1) What if when I drink my first bottle, I think of creation?  I can focus on a God so powerful that he can bring the world into being with just the power of his voice.  Our God that felt that it was important to separate the land and the water, and then fill the water with all sorts of marvelous critters. Thank you God for your care. How can I better care for your world around me?

2) What if the second bottle is a reminder of the flood?  Where there was sin and pain, and God called Noah to start the world a new, but more than that God put his weapon of war (the bow) up on the shelf and promised to be with us.  Don’t we need to tell that story more?  Thank you God for your faithfulness. How can I better be faithful to you?
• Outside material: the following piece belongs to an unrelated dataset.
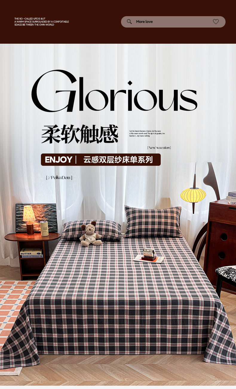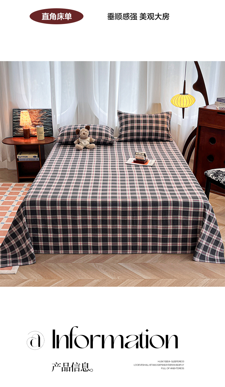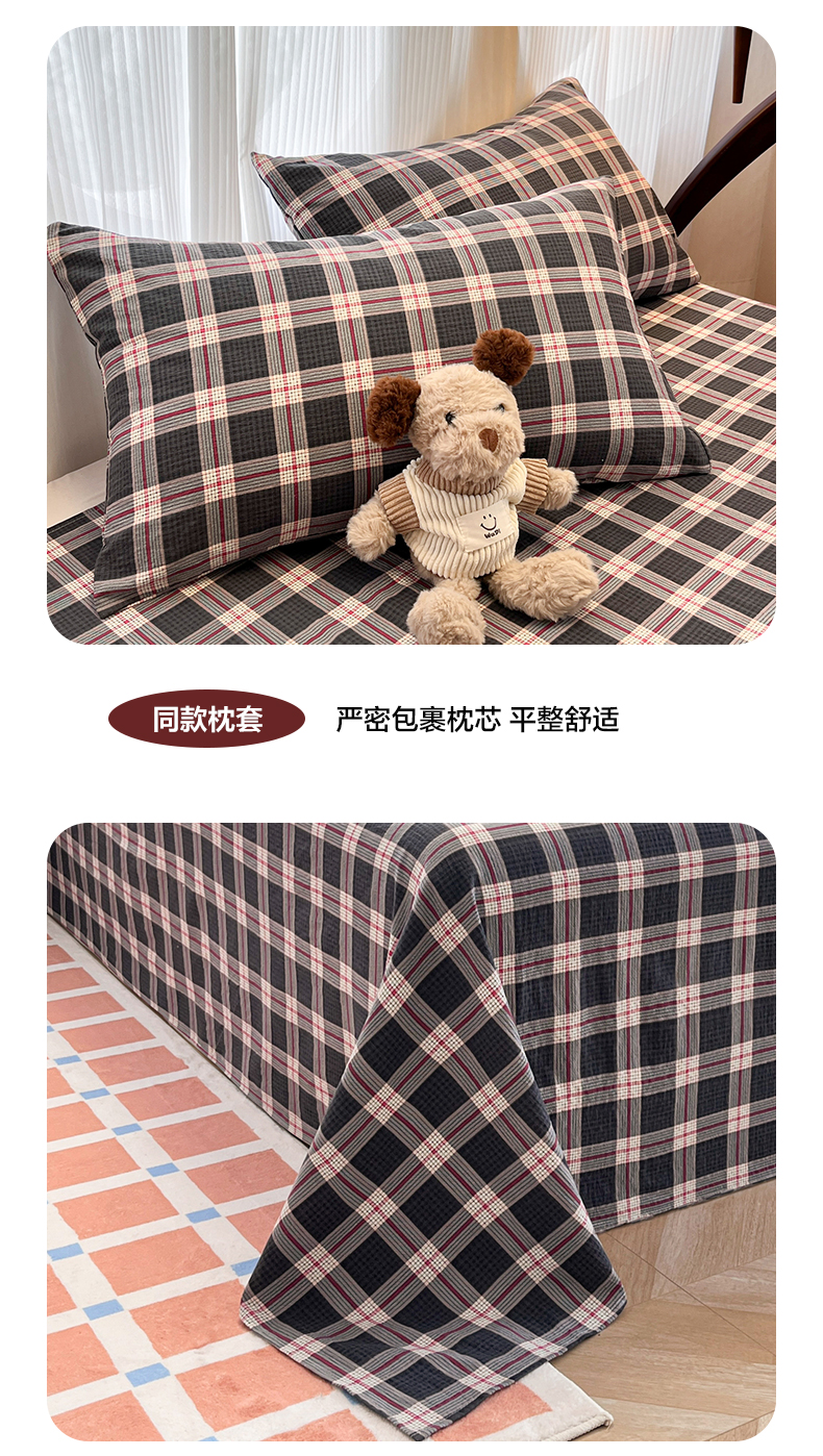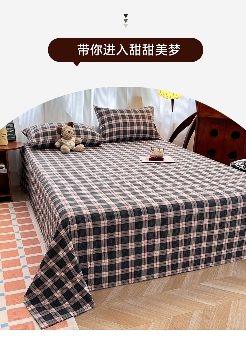• 91家纺网 家纺一手货源 找家纺 韩巢家纺 2025新款双层纱格子复古风床单人学生宿舍单床单 床单单件 幻夜

3) What if the third bottle leads me to remember Moses?  Abandoned as a baby, floating down river, soft lapping against the basket made with reeds and pitch.  Later he would grow into a great leader that would be the voice of struggle and change, leading God’s people through the river into freedom.  But also to remember that even on the road to the promised land, there is struggle and pain.  There is hunger and confusion, but that God continues with his people.  God even stays with his people when they are a hot-stubborn-mess, I always need to remember that.  Thank you God for sticking with us, even when things are scary. I wonder how I can better support others?

4) What if the fourth bottle is the reminder of the day that a crazy man in camel’s hair was in the river baptizing, when his cousin came by?  This is the same cousin that when they were still in the womb, (John) leapt in joy to be near.  And now his cousin stood before him, wanting to be baptized by water, but called out by God as the “one dear Son, in him I take great delight.” Thank you God for coming to earth and living among us. I wonder how I can bring delight to God?
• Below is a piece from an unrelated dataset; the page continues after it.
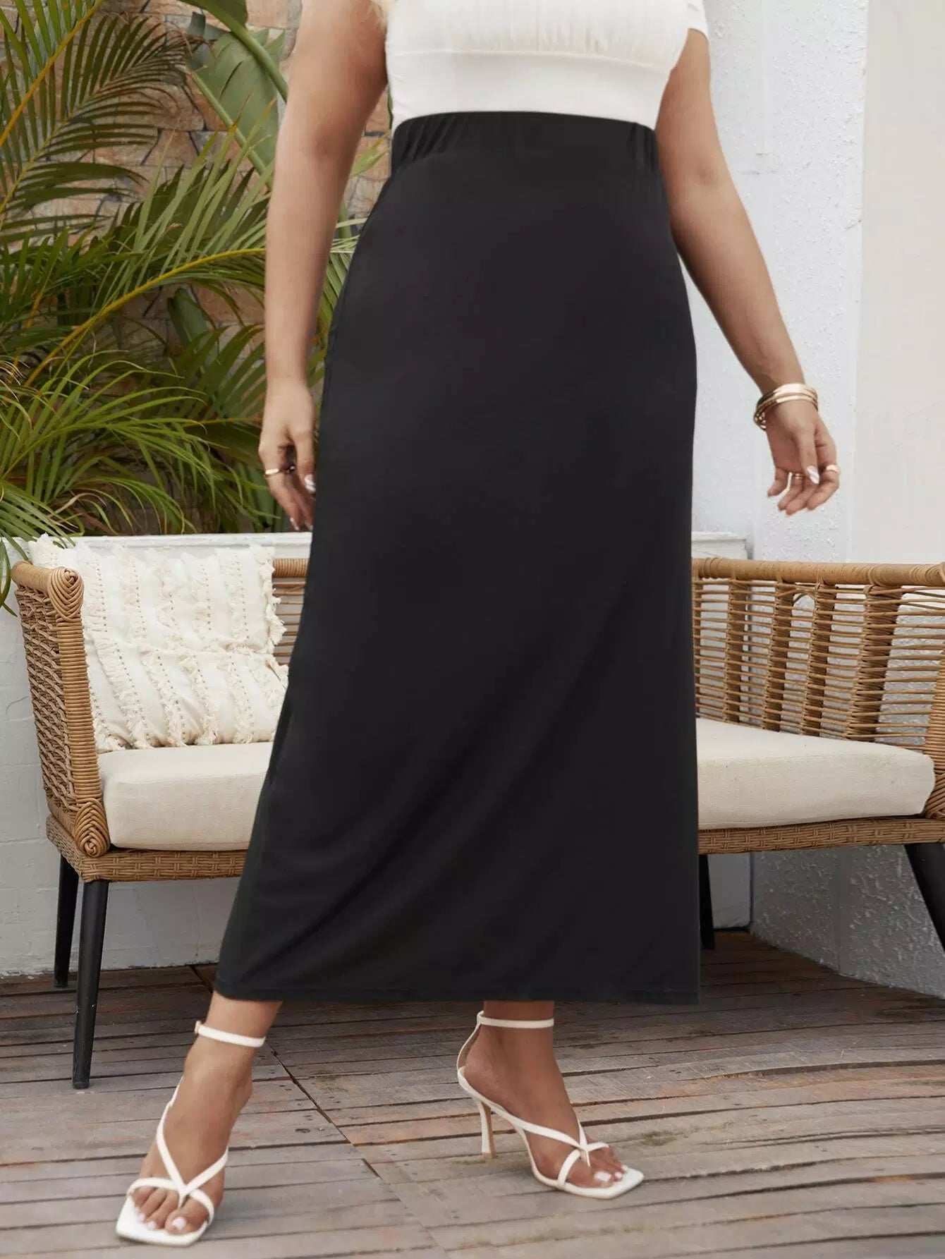تنورة بلاس سادة ذات حافة مشقوقة بلاس

5)  What if the fifth bottle is how I am part of this story, living out my baptism?  It isn’t just what has happened, but how God continues to act.  That in each day, I live out the promise that God loves me and has called me by name to be able to do the work I do.  Thank you God for creating me and calling me by name. How can I live out my baptism today?

6) What if the last bottle is a reminder of what is next?  A reminder of all of the saints who have gone before and now rest in the sure and certain hope of the resurrection.  If I can take that time to give thanks for all the healthcare professionals working each day to care for those in need.  A reminder that even death cannot separate us from the creator.  Thank you God for the freedom to not have to worry about what is next. Thank you for taking care of that for us.  I wonder who else needs to hear this story?
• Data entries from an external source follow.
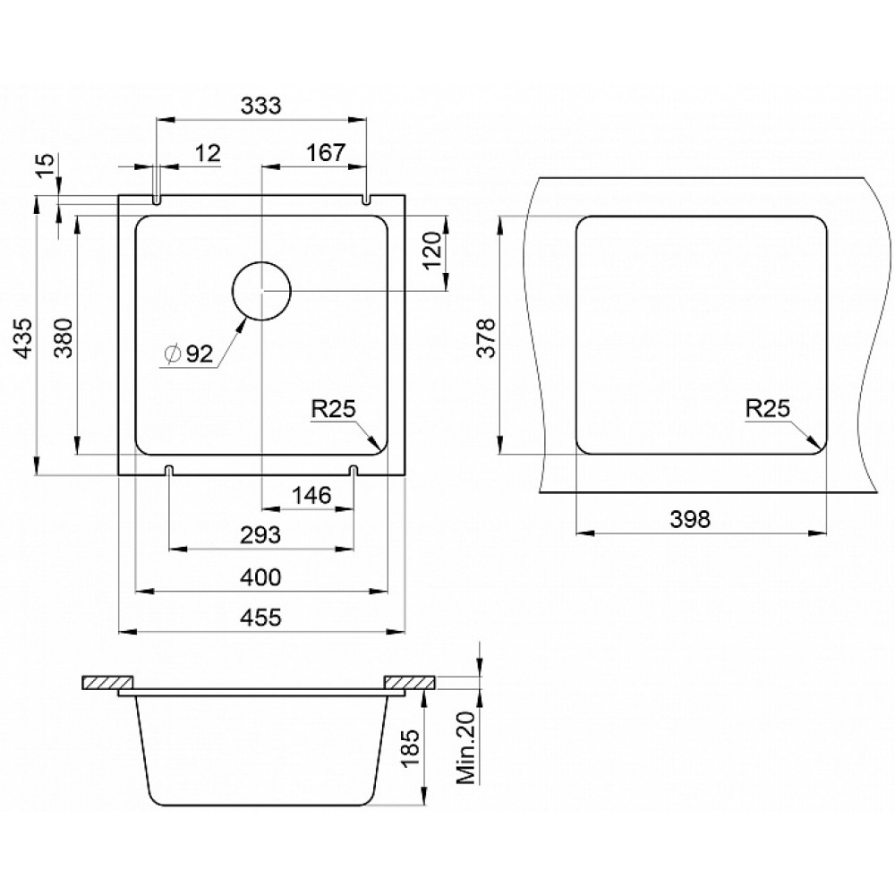 Технические характеристики Кухонная мойка Granula 3801 алюминиум
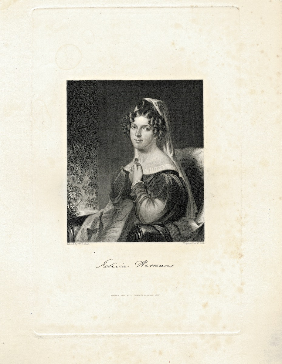 Antique Engraving Print, Felicia Hemans, 1837
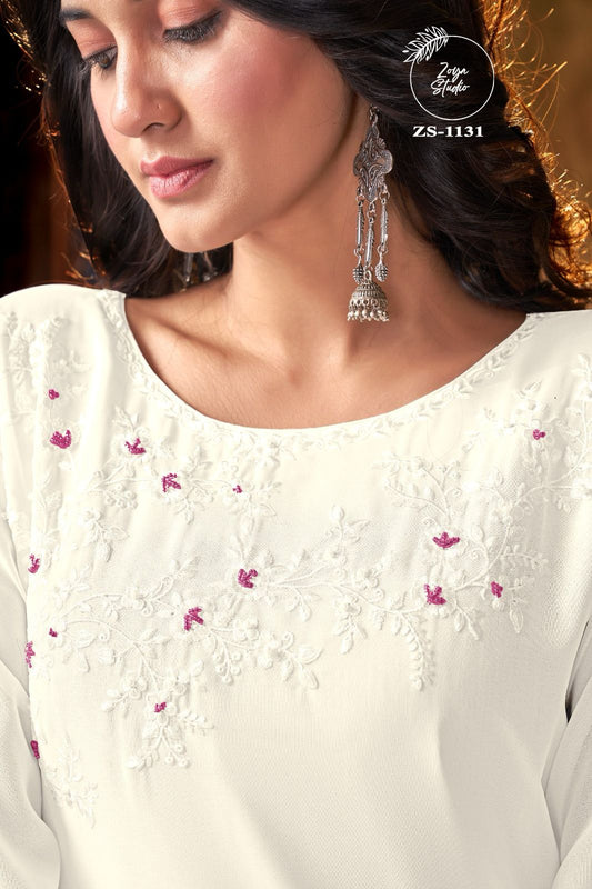 Designer stylish Embroidery Tunic With Pearl Moti With Stylish Neck Pattern & also Embroidery In Sleeves with Glamours Gorgeous Looking In Kurti paired with Bottom & Embroidered Organza Dupatta
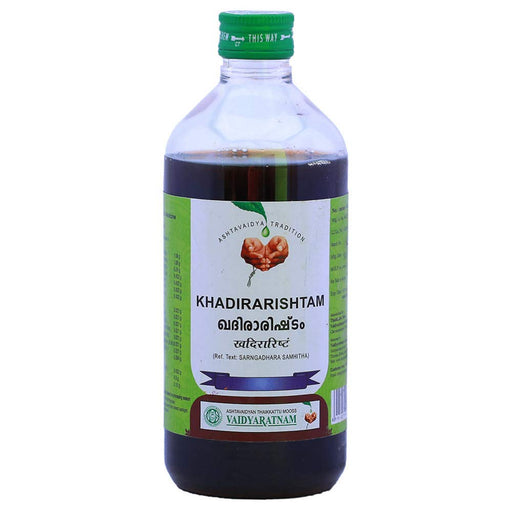 Vaidyaratnam Khadirarishtam Vaidyaratnam Khadirarishtam is a classic Ayurvedic formulation. It is also called Khadirarishta. Form: Liquid Type: He...
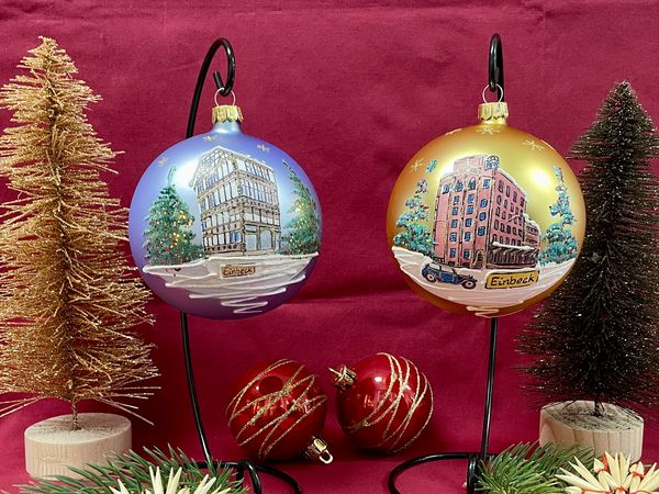 Ab sofort bietet die Tourist-Information Einbeck die neue Weihnachtskugel mit Einbeck-Motiv für das Jahr 2025 an. Die mundgeblasene Kugel mit einem Durchmesser von 10 cm ist Teil einer Sammelreihe mit jährlich wechselnden Motiven und wird in Handarbeit dekoriert.
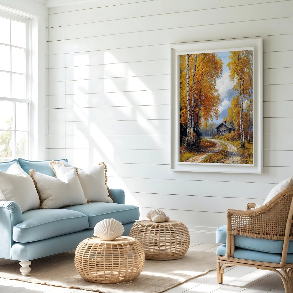 Birchwood Reverie unfolds like a quiet invitation—an S-shaped trail winding gently through golden birch, guiding the eye toward a modest wooden cabin embraced by fall. Trees rise like watchful pillars, their white bark glowing against a sky tempered with soft blue and slate.
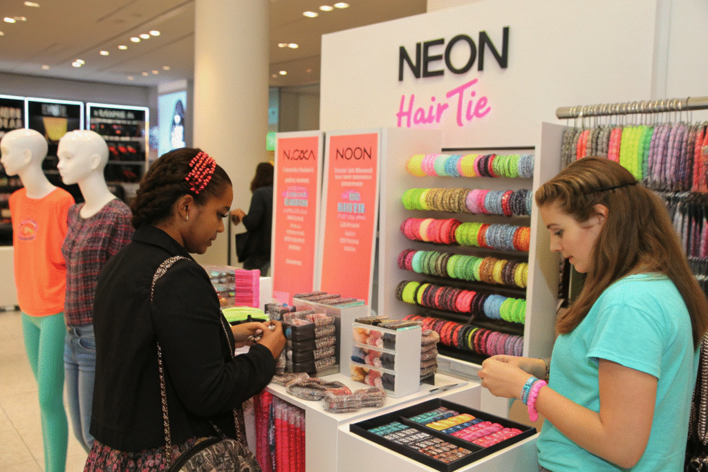 Effective neon hair tie merchandising involves strategic placement, clear styling education, and creating color coordination systems that help customers envision how these bold accessories fit into their existing wardrobes.
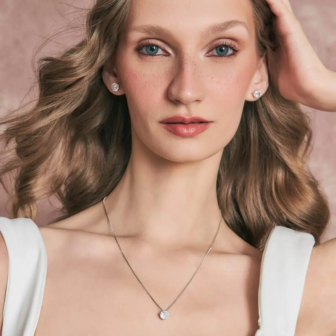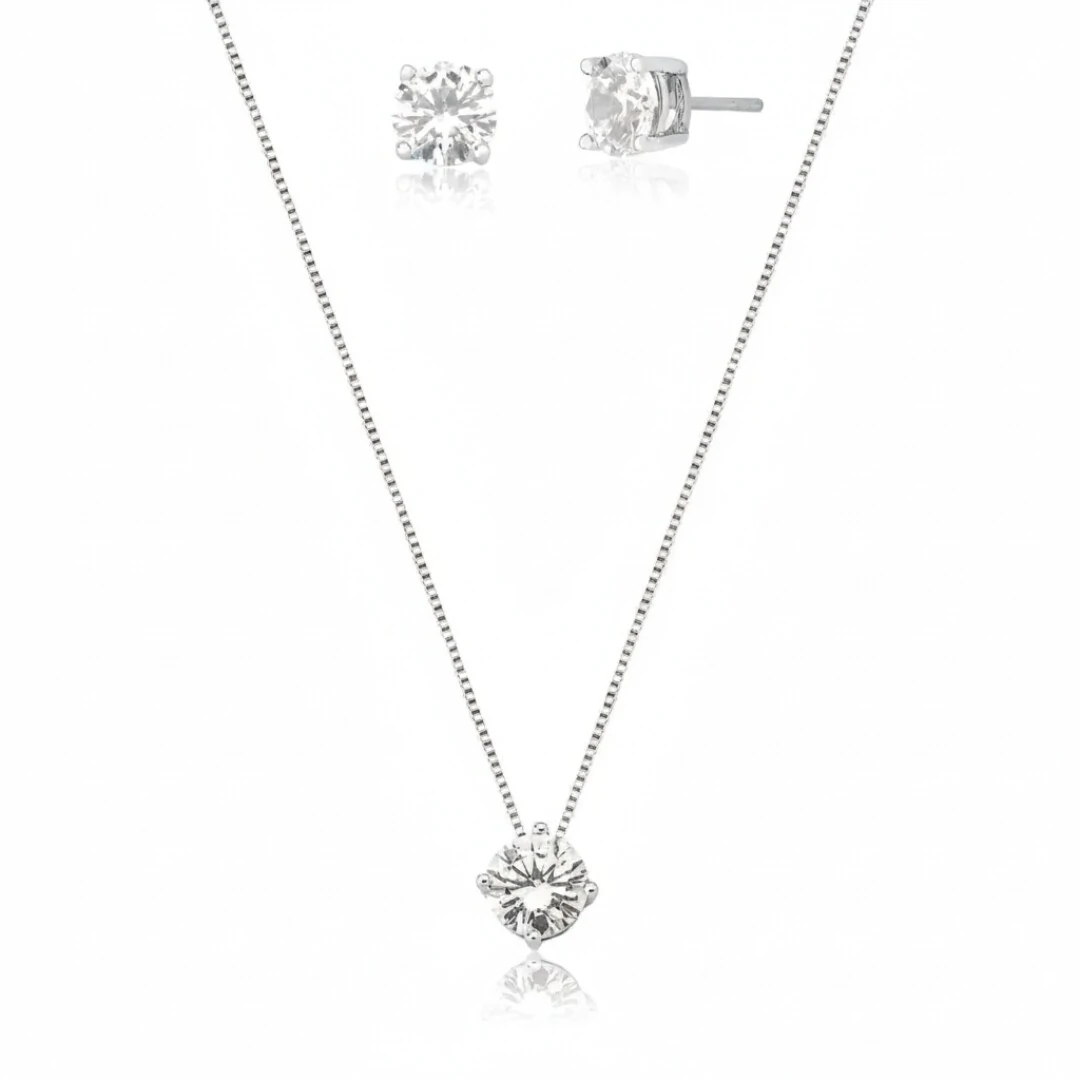 Com design atemporal, o colar em malha veneziana e os brincos solitários com zircônias lapidadas de 8 mm refletem brilho intenso e pureza em cada detalhe.

So that, when I’m drinking each bottle, it isn’t just a simple story, it’s part of the very essence of everything I do.  It’s the story that connects us but the actions that change us.  If each time I take a sip, I’m retelling and bringing the story to life?


What if just one sip of water is the part I hunger for most when we’re all physically separated?


Do you think that water can become a spiritual practice?  

How have you found ways to connect when we can’t be together in person?  

Have you taken on a new spiritual practice in these times that may not be forever, but for right now it’s calling you to something new?